Denver Sluice to Downham Market, as part of circuit from home

Walked by Sally and Richard, Saturday 28th February 2015.

5.5 miles (just under 2 hours) including 1.75 miles on the route of the Ouse Valley Way.

Click here for all our photos of this walk.

Last weekend we walked from Downham Market to King's Lynn, the final section of the Ouse Valley Way. I didn't want to walk the whole route out of sequence, but I was happy to walk the short section from Denver to Downham Market, so that our final section on the Ouse Valley Way, at some stage in the future, will end at Denver Sluice, a short walk down Sluice Road to our house in Denver.

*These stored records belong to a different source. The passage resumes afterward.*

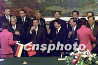 國(guó)務(wù)院總理朱镕基與德國(guó)總理施羅德三十一日在北京共同出席中德雙方合作協(xié)議的簽字儀式。中新社記者 滿會(huì)喬 攝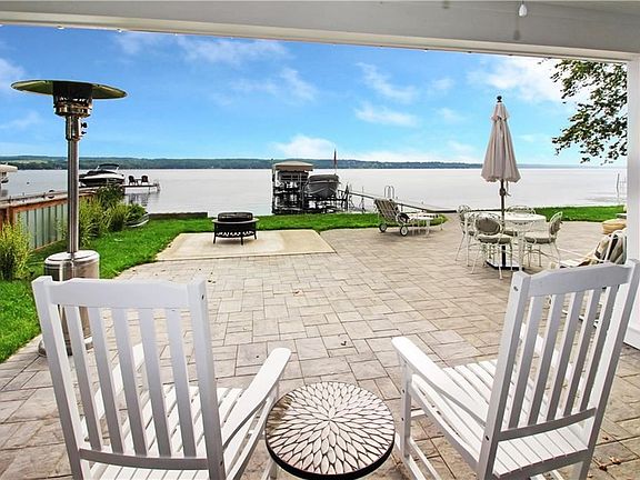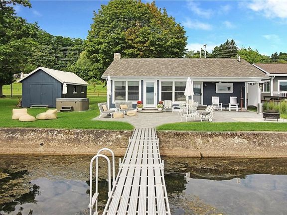 Imagine yourself in this pristine lakefront home in one of the most desirable locations on the lake. Completely updated and renovated, this year-round cottage features high-end amenities and an eclectic, appealing and refreshing décor . Custom wainscoting, stone fireplace, reclaimed barn wood floors, custom blinds and privacy shades, new kitchen, custom built-in bunk beds, custom-built loft space, a 5 person hot tub and 56 Ft. of Alumidock with swim platform are only a few of the features. The amazing lake view goes on forever and the spacious lawn adds to the open feeling. A large storage shed holds all of your lake equipment. This property is "dressed to impress" and is sold completely furnished and move-in ready. Call today for a private showing. Ask for list of renovations/upgrades.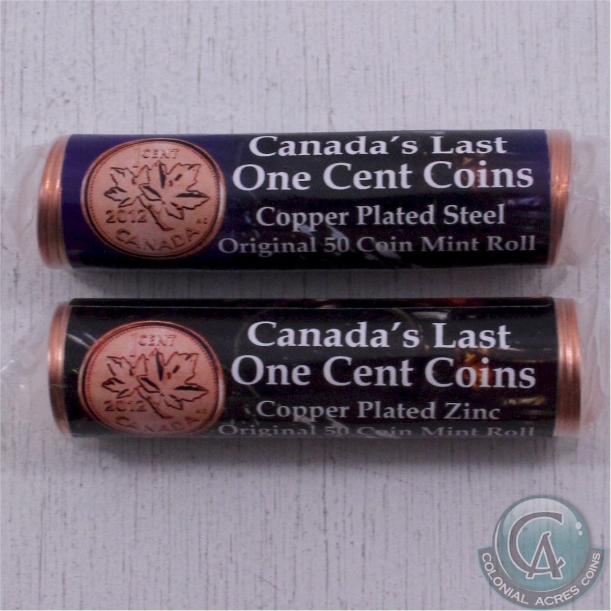 2012 Special Wrapped Magnetic and 2012 Special Wrapped Non Magnetic Canada 1-cent Original Rolls of 50 pcs. (2 rolls)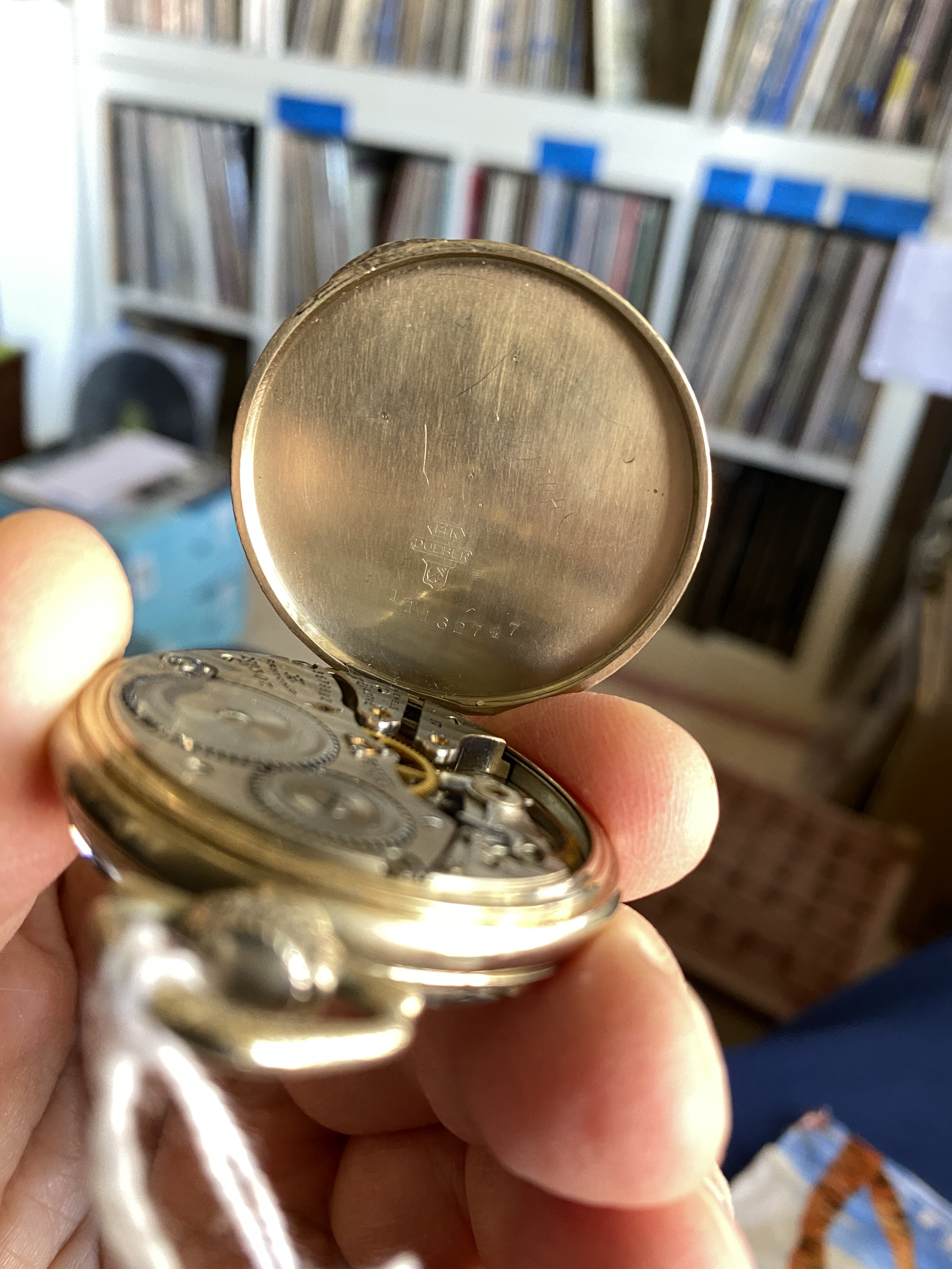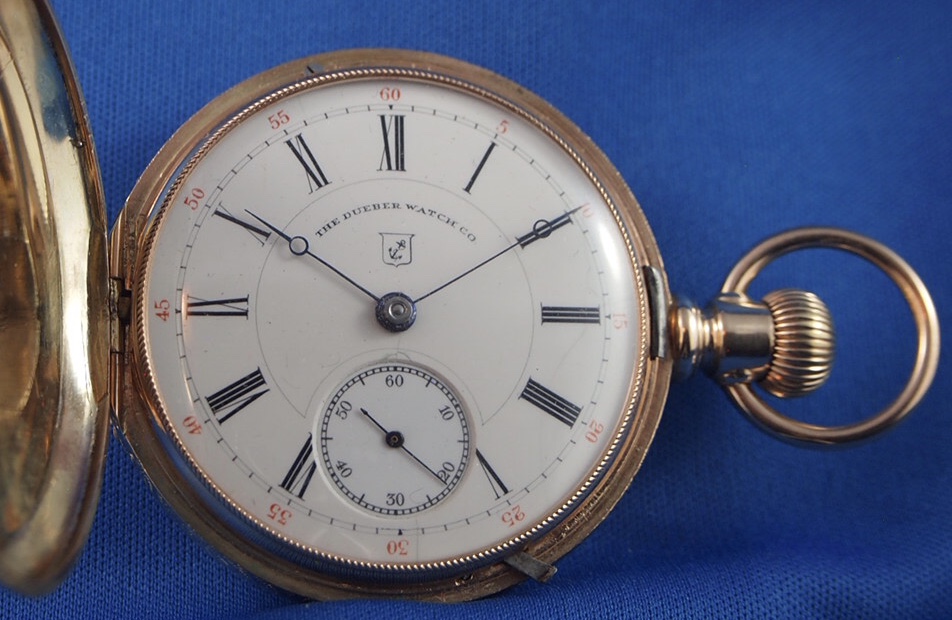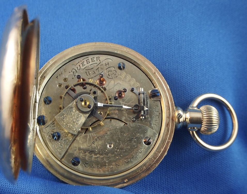 I have only one Dueber. An 18-size model in a hunter case. I tend to collect makers other than Hampden-Dueber watches. Mine is much older than yours. It runs fine on the odd occasion when I wind it (like, typically once a year when exhibited).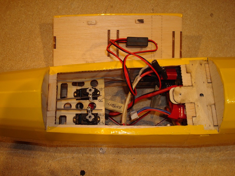 Wiring and servos below the removal dual cockpit. The rudder (R) is channel 4 and the elevator (E) is channel 2. The motor control is channel 3 and the ailerons are channel 1. Notice on/off switch in cockpit floor. |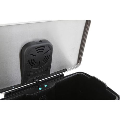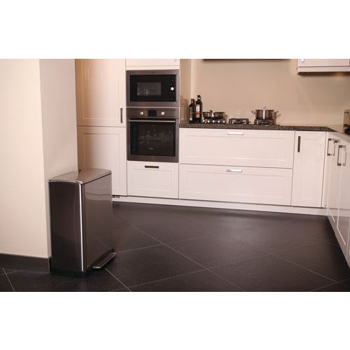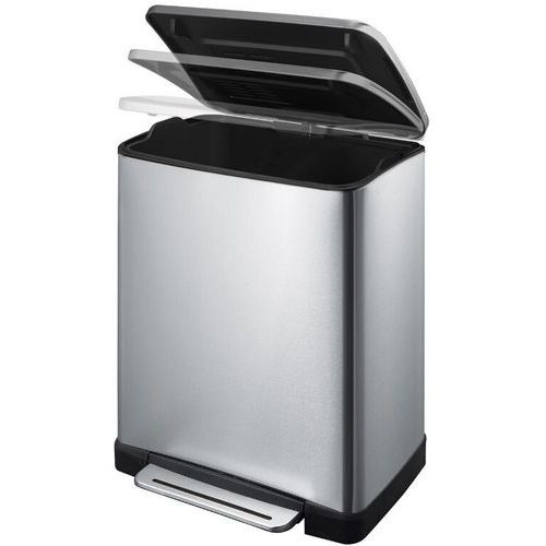Elegáns téglalap alakú pedálos kuka. Extra széles lábpedál. Műanyag belső tároló. Halkan záródó fedél. ujjlenyomat-álló kivitel. A fedél nyitva hagyható a könnyű zsákcseréhez. Tér a fedélben a szaggátló faszénszűrő számára (nem tartozék).

Today's walk was a circuit from home and the modest walk fitted well into a weekend when I had plenty of work to do and needed to leave home at lunchtime on Sunday, for a trip to Carlisle via Milton Keynes.

We walked this section in reverse, as part of the Fen Rivers Way, on a snowy day in February 2009. There was no snow today; the weather forecast was for a rather cloudy day, with some rain, but it was actually rather more pleasant than I'd expected and the few spots of rain as we walked home from Downham Market didn't really come to anything. It was however rather windy; I wished I'd worn a hat, both to keep my ears warm and to keep my hair in order.

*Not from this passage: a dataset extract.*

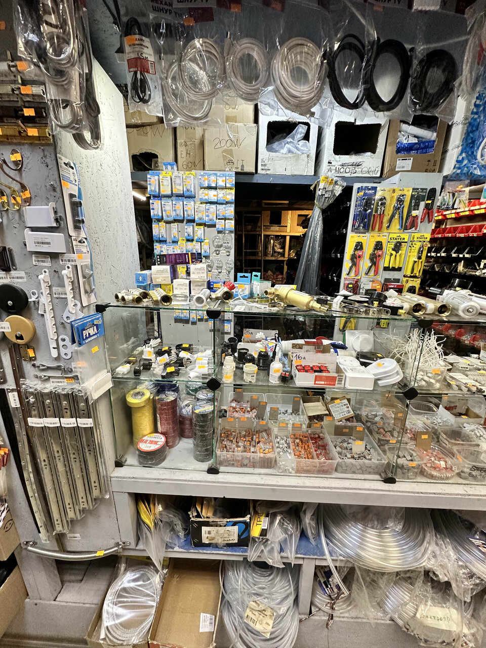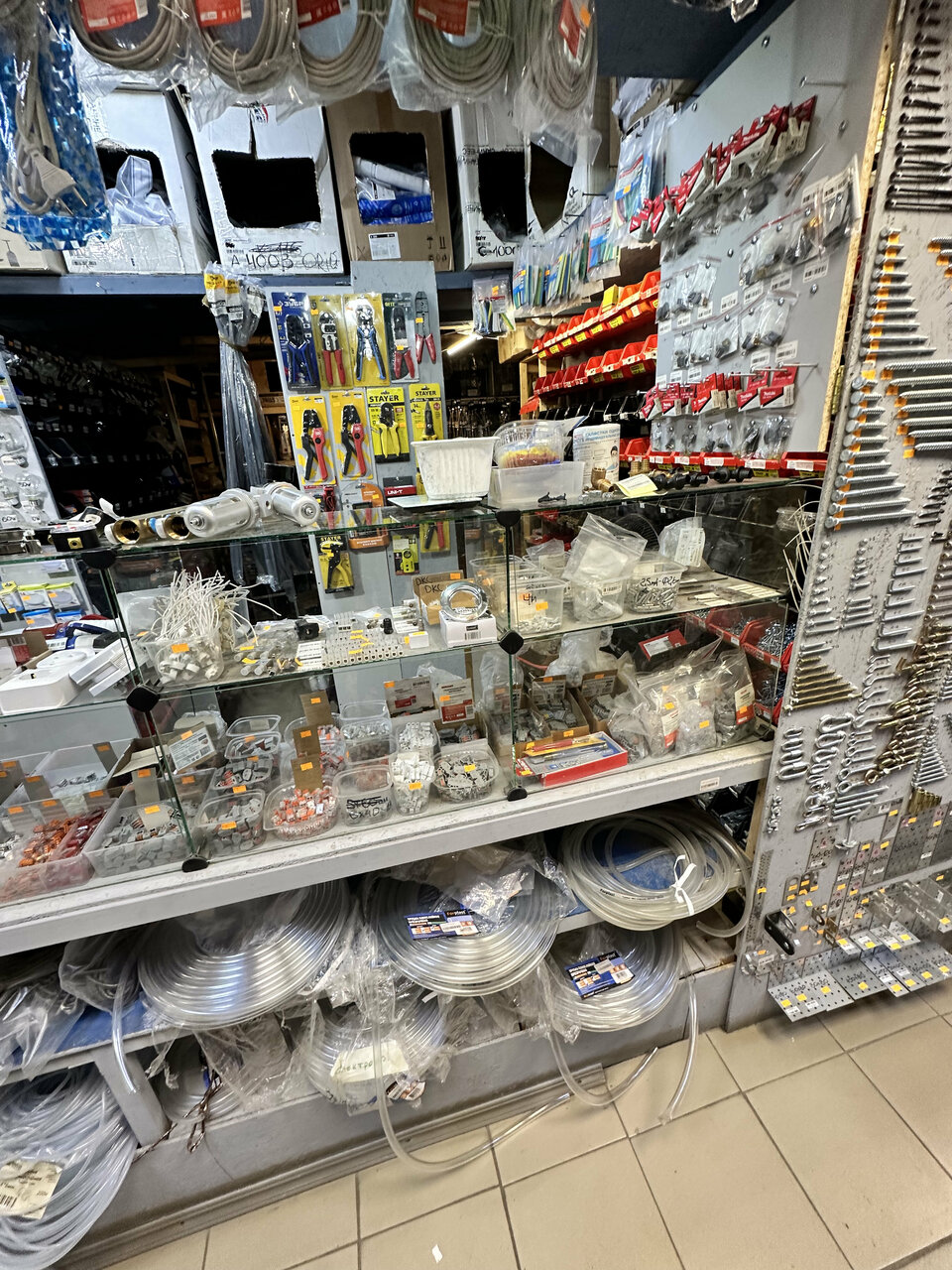 Маленький магазин, но есть практически все для обихода по всяким сантехническим, электрическим вещам.Полезный!

Richard went shopping and we had an early coffee and left home around 10.30am. We walked down to Denver Sluice, past the Windmill, sadly a shadow of its former self now that the sails have been removed again. We stopped at the Impounding Sluice at the end of Cut-off Channel, which carries water from Denver to Essex (passing Kirtling Brook, which we walked past on the Stour Valley Path in April 2012), then we crossed the A.G. Wright Sluice and turned right alongside the River Great Ouse. The Ouse Valley Way is coincident with the Fen Rivers Way here, so we were surprised and pleased to see a sign bearing the Ouse Valley Way's logo of two black swans.

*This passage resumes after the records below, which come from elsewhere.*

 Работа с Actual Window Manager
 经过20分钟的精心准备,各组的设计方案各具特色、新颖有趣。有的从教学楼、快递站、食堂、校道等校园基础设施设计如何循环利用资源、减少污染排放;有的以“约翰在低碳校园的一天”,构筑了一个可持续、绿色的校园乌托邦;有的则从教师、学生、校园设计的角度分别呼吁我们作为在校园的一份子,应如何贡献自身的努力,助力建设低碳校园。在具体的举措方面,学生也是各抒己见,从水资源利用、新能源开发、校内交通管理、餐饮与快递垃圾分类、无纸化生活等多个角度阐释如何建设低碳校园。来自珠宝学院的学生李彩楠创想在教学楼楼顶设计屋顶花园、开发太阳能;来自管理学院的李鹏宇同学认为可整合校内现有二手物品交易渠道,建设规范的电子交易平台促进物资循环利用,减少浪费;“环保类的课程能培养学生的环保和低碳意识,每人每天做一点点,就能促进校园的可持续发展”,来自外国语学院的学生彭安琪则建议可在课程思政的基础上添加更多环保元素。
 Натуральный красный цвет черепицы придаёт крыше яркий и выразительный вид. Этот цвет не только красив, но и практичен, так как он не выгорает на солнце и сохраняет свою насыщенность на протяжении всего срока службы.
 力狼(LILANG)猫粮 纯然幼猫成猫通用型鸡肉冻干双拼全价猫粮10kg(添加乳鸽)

The section of our walk actually on the Ouse Valley Way was rather short and Heygate's Mill, close to the end point, was in sight for the whole walk; there were also views across the fen to Denver Windmill and, behind us, back to the Sluices. At Salters Lode we passed two rather nondescript openings in the opposite bank, one with a narrow channel through the silt to a lock; these are the links to the Old Bedford River and Well Creek, and boats definitely do come this way, sometimes! We crossed the Downham Market to Wisbech road and continued beside the river for a short distance before leaving the route where we joined it last weekend, close to Charmed Interiors [now closed]. We walked past the Station, through Downham Market, then home by way of Sandy Lane and a footpath back to Sluice Road.